Несколько минут они молчали. Анатолий по-прежнему смотрел в окно.
— Что поделаешь, — сказал Павел. — Жестоко, но необходимо. Пожалеешь одного — пострадают сотни.
— Конечно. Статистика. У нас всегда статистика. Люди — дело десятое.
— Что ты болтаешь. Разве можно не изолировать чумных, — вмешался шофер. — Даже в средние века и то какие-то меры принимали.
— Если комары переносят вирус, много ли толку людей изолировать?
— Много. Да и только ли комары? Если бы ты был уверен, затычки бы в нос не вставлял.
Анатолий некрасиво усмехнулся и схватился за нос, выковыривая биофильтры.
— Подумаешь, затычки, — сказал шофер. — Самоуспокоение, и то дутое. Рот же не закрываем.
— Дурак, — сказал Павел. — Ладно, перестань. Хлебнешь, пройдет.
— А есть?
Павел самодовольно хлопнул себя по груди, за отворотом куртки булькнуло.
— Дай сейчас.
— Да ты что! Унюхают… Говорю, потерпи. Что на тебя нашло! Детишки как детишки, много ли больных? А родителям полезно шлепка дать, чтоб знали, как детей выпускать без надзора. Скоро вообще гулять запретят. Лето на носу, клещи, комарики. Гнилое самое время. Как весна в этом году рано, уже и снега совсем нет. И комарики-то мутируют, никакие репелленты им не нисаны.
— Откуда ты знаешь, что это просто детишки? Как же, помню твой критерий: если орет «полундра» или «оборзели», то наш ровесник. А если «фиолетово» и не знает про дедушку Ленина, нормальный ребенок.

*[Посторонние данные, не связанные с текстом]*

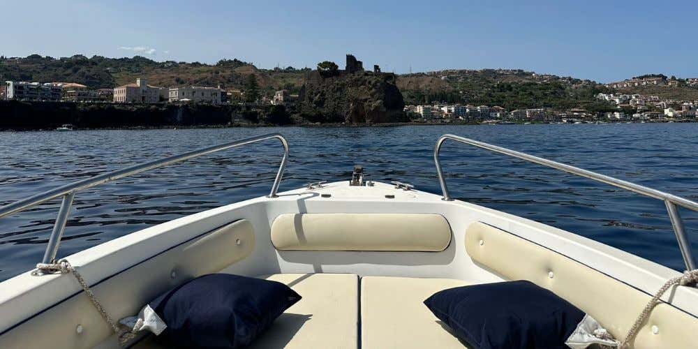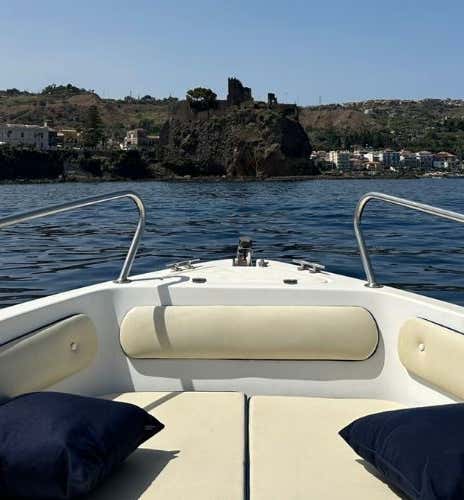 Once at the helm, you will be able to move easily along the coast, going as far as the Port of Catania or Capo Mulini, where you can stop for a dip or a lunch break on board, enjoying the beauty of the sea views.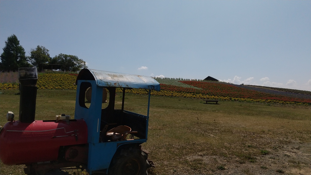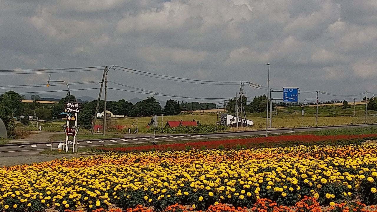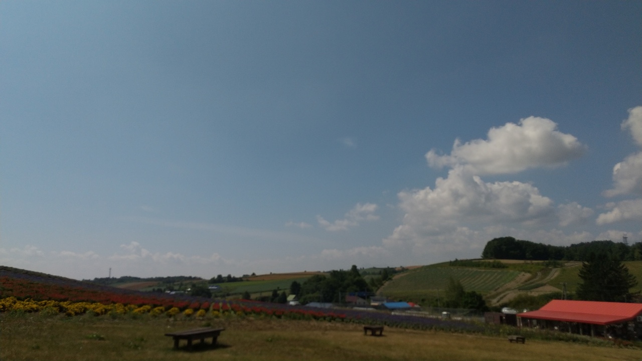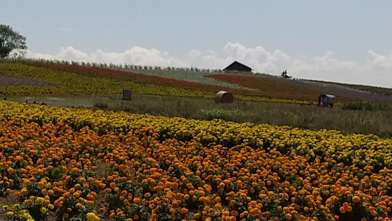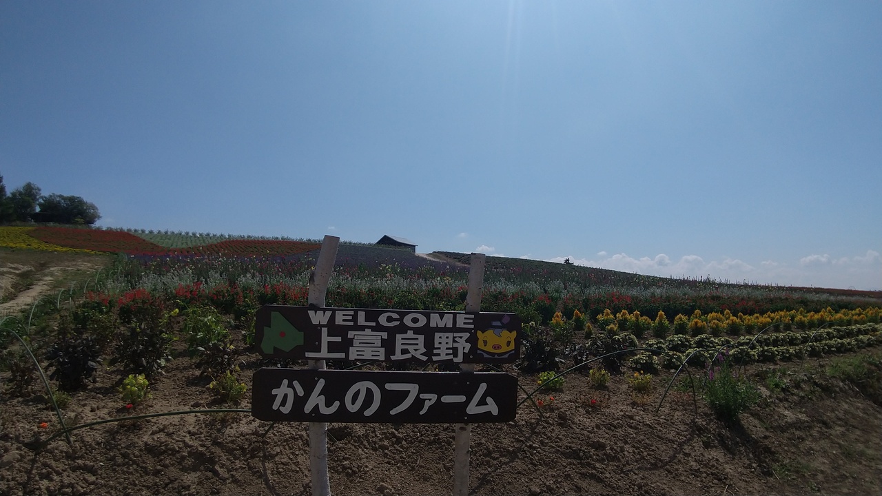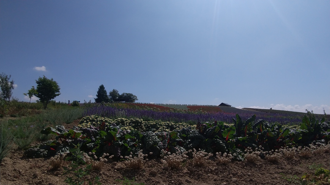 陽射しが強い猛暑続きの美瑛。ドライブ途中に美しい花が一面に咲くファームを散策。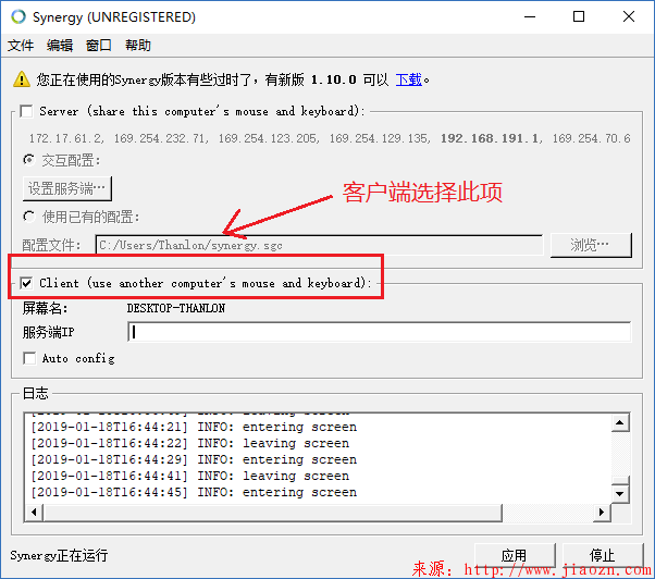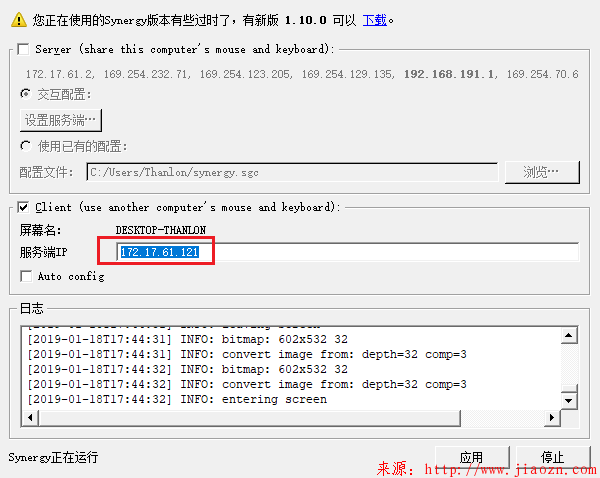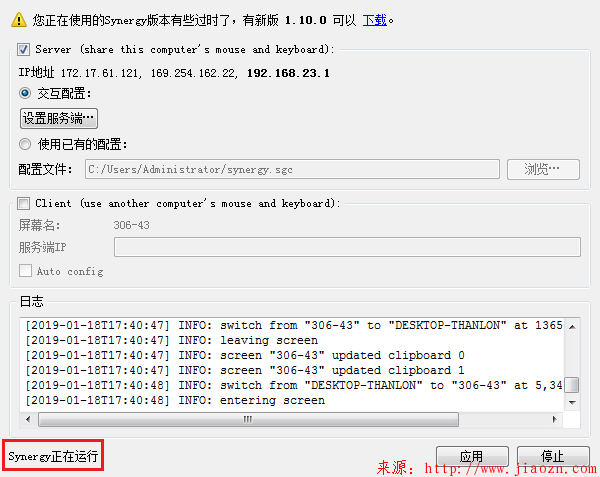 最后启动客户端,客户端正确显示“Synergy正在运行”: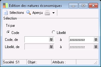 Le tri par libellé édite les natures économiques dans l'ordre croissant du libellé.
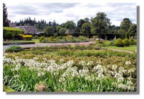 The Italian Garden at Glamis Castle has an air of serenity with lots of pastel colours and formal fan-shaped parterres, surrounded by yew hedges. The entrance gates commemorate the 80th birthday of the late Queen Mother - when they were put up, nobody knew that she live to be over 100.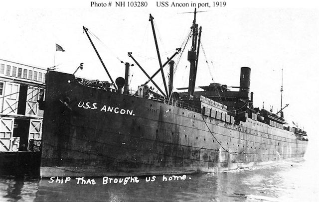 16 November 1918 required by the American Navy and fitted out as a troop transport USS ANCON (ID-1467) Armed with 3 – 6pdr. guns. Crew 261.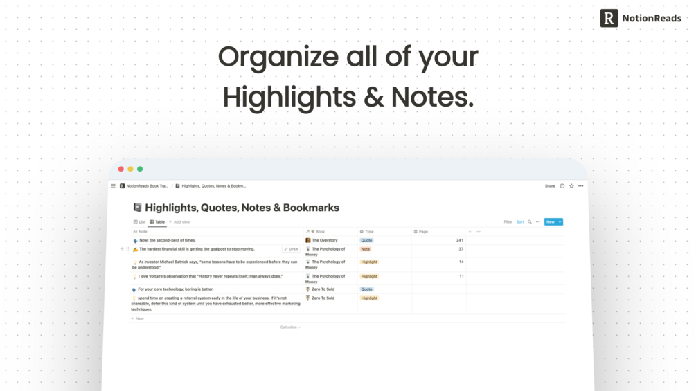 NotionReads comes with a built-in note-taking feature. Save highlights, notes, quotes, and more and easily find them later.

Ага, и еще читать не умеет. А сам-то ты как орешь? А если у него поворотный возраст двадцать пять? Или если он просто молчит?
Анатолий повернулся, чтобы взглянуть на детей. Маленький мальчик смотрел на него с наивной смесью доверчивости и страха. Девочка не смотрела ни на кого, размазывала слезы грязным рукавом куртки. Мальчик, которого взяли последним, сидел. вытянув ноги и привалившись к стенке, полуопустив веки. Почувствовав взгляд из-за прозрачной перегородки, он слегка повернул голову и встретился с Анатолием глазами.

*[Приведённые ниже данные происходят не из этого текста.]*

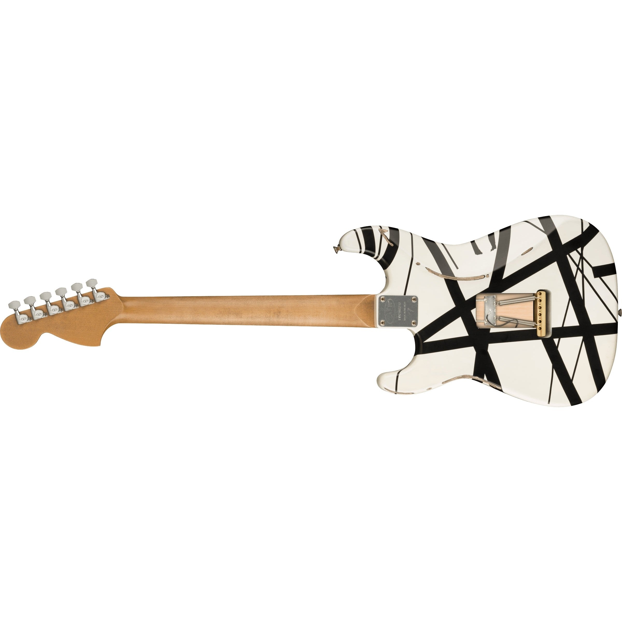 The Stratocaster®-style body sports Eddie’s famed white-and-black-striped paint job and has been paired to a quartersawn maple neck with a hand-rubbed satin urethane back finish. The 12”-16” compound radius maple fingerboard with 22 jumbo frets was designed for fast and furious playing styles with maximum comfort, while a heel-mount truss rod wheel makes for time-saving neck adjustments.
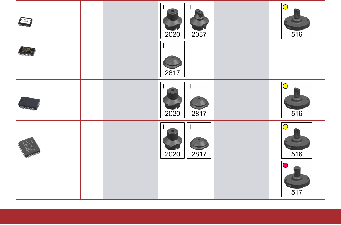 PLCC/SOJ components C&P20A/M CPP C&P20 P/M2 Twin Head Component shape [LxWxH (mm)] CS file Nozzle types PLCC 84 [30.23x30.23x4.6] 705 PLCC 100 [35.35x35.35x4.6] 706 PLCC 124 [42.95x42.95x4.6] 707 5 - 4 www.asm-s…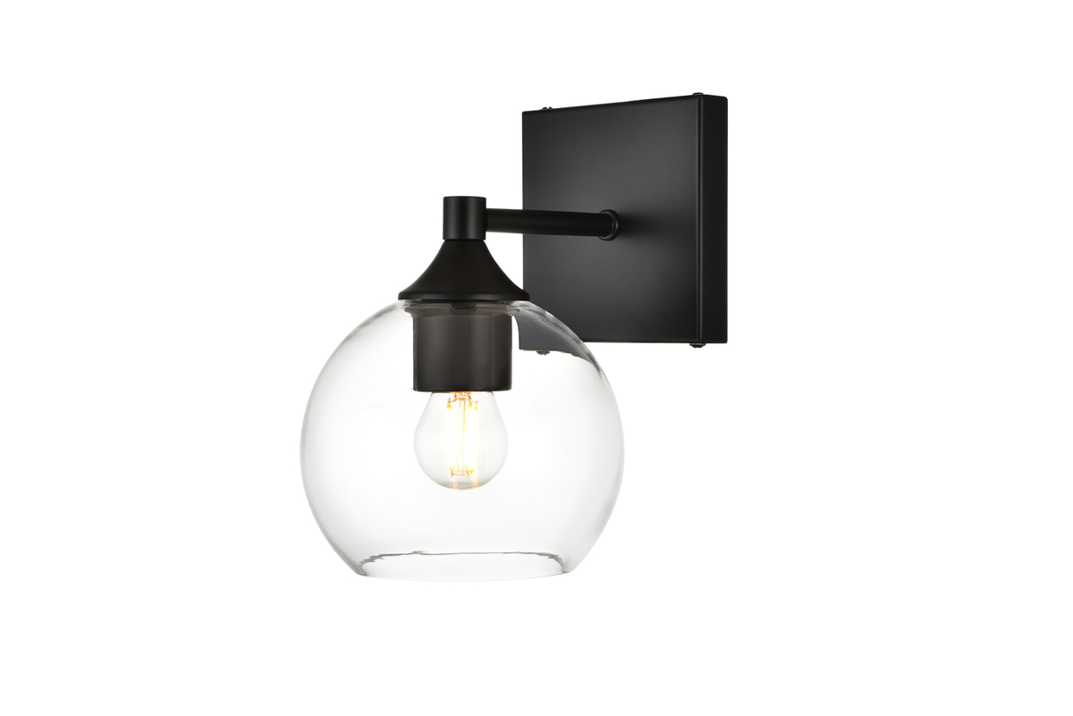 Defined by a sleek metal arm extends to suspend the clear pear-shaped glass shade. A contemporary stunner, it shows off the straight line details from the backplate and the streamline thick metal arm. Compatible with dimmers, so you’ll have the right amount of light in any given time of the day. Completely versatile, you can place this wall light as an uplight or downlight. Rated for use in damp locations, this will work perfectly over a vanity in your bathroom.

Они как раз остановились у перекрестка. Анатолий вдруг подскочил, распахивая дверь во временную камеру, затем дверцу на улицу. Он обхватил оцепеневшего Павла и заорал детям:
— Не спите!
И мальчик метнулся к выходу.
— Шустрый парнишка, — говорил Павел. — Побегали. А ты бы хоть соображал. Как они отсюда стали бы домой добираться?
— Идиот, — буркнул Толя. Скованный слишком тесной для него, рассчитанной на подростка смирительной рубашкой из специального снаряжения, он был вдобавок пристегнут к креслу ремнем.
— Вколи ты ему тоже успокоительное, — посоветовал шофер.
— Не надо, — попросил Павел. — Сам же знаешь, у него брат недавно… Подъедем к территории, Толь, я тебя развяжу, только ты… смотри… А?
— Зачем? — жестко сказал водитель. — Раз психоз, уберут с этой работы, как он и хотел.
— А чего вы, собственно, хотите?
И это после того, как она два дня ходила по инстанциям, чтобы добраться до управления профилактики распространения? Мило. После двух дней встречного недоумения, унижений, всевозможных угроз за укрывание больного, лишнего, не в срок, обследования на вирус — все тот же вопрос.
Тетка была толстая, с допотопной, как монумент давно ушедших времен, прической, и кабинет тоже был монументальный, без модной офисной мебели. Солнце выжигало светлые пятна на полированной поверхности письменных столов.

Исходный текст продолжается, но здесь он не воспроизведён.